Hi! I’d like to highlight a feature request made on the GitHub repo for automatic tuning of batch_size and num_workers, and start some discussion around this topic.
Much like tensorflow has introduced atf.data.experimental.AUTOTUNE flag to automatically tune these parameters, I think this feature would be very relevant for PyTorch users as well.
I have a couple questions for the community to start gathering building concensus -
Have you previously thought about this autotuning flag?
If you have thought about it before, what was the blocker to implementing it?
If this feature was introduced, would you use it?
What parameters do you use for batch_size and num_workers right now, and how do you set them?
It would be interesting to know, how many users are choosing the batch size based on the computation performance vs. the methodological perspective (e.g. bad training behavior for tiny or huge batch sizes).
E.g. if hypothetically a very small batch size would yield the best speedup, wouldn’t it also make some architectural changes necessary (replacing batchnorm layers for groupnorm etc.)?
I think a flag like this might be most useful for inference jobs, where we care exclusively about performance, without regard for training behavior.

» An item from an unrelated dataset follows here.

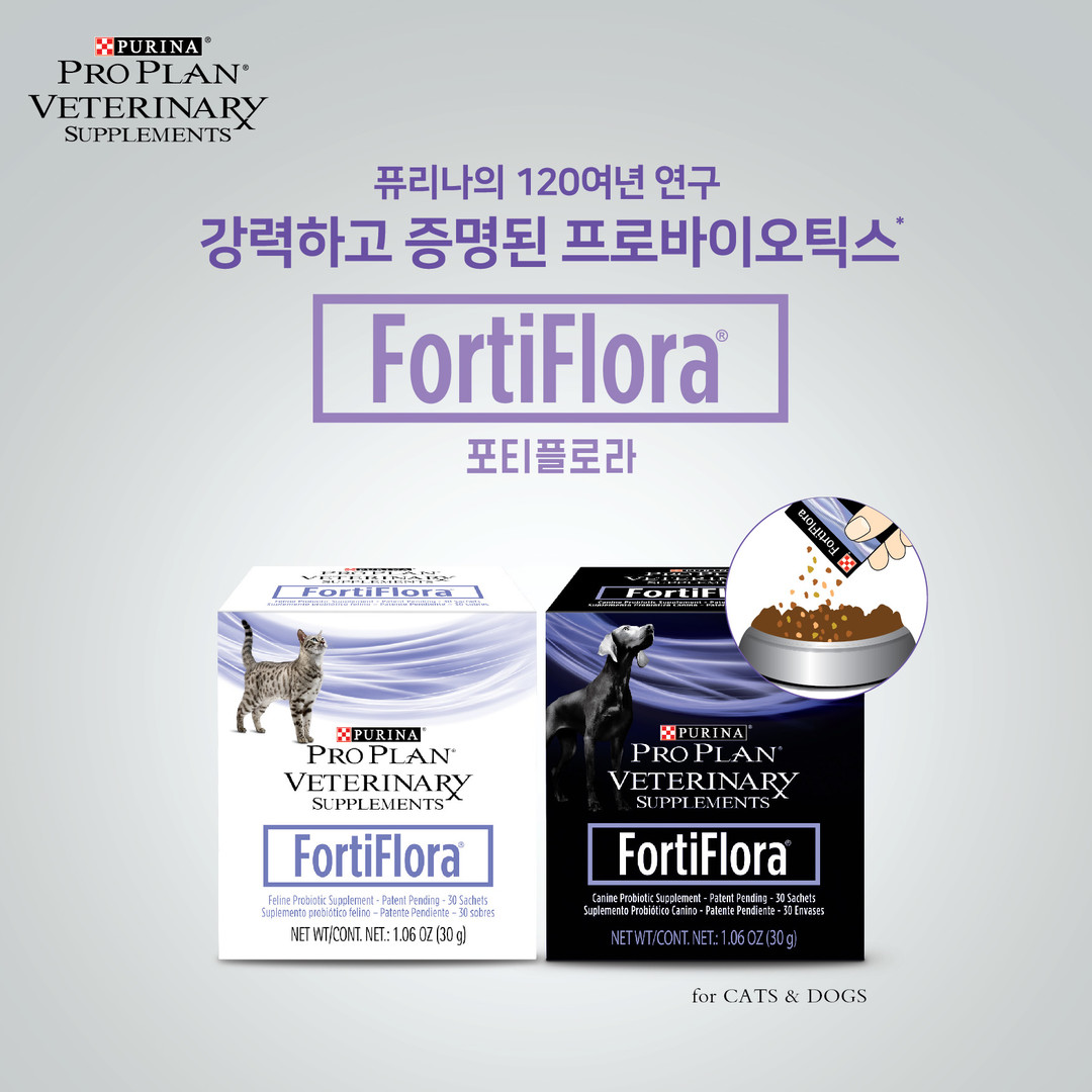 강아지용과 고양이용 2종으로 출시된 포티플로라는 네슬레 퓨리나가 국내에 처음 선보이는 반려동물 전용 프로바이오틱스 보충제다. 포티플로라는 강아지와 고양이의 정상적인 장 건강 및 미생물 균형을 촉진하는 것으로 입증된 유산균 Enterococcus faecium SF68(이하 E.faecium SF68)을 함유하고 있어 급성 장염이나 불량한 대변 상태 등을 개선할 수 있다.

You’re right - adjusting batch size for users automatically will have side effects for training; but we can avoid this issue by at least narrowing the scope to inference.
Additionally, tuning num_workers would improve performance for both training and inference, especially for large scale (GB/TB) inference jobs.
Also, experimentally, it seems that large batch sizes tend to yield the best speedups, up until data can no longer fit in memory.
@Sean_O_Bannon I think it makes sense to have an optimized implementation of image folder and transforms for pytorch. The current API is nice, but the implementation is inefficient, and it slows down the entire system when it needs to feed 8xV100s and a small network (eg mobilenet_v2).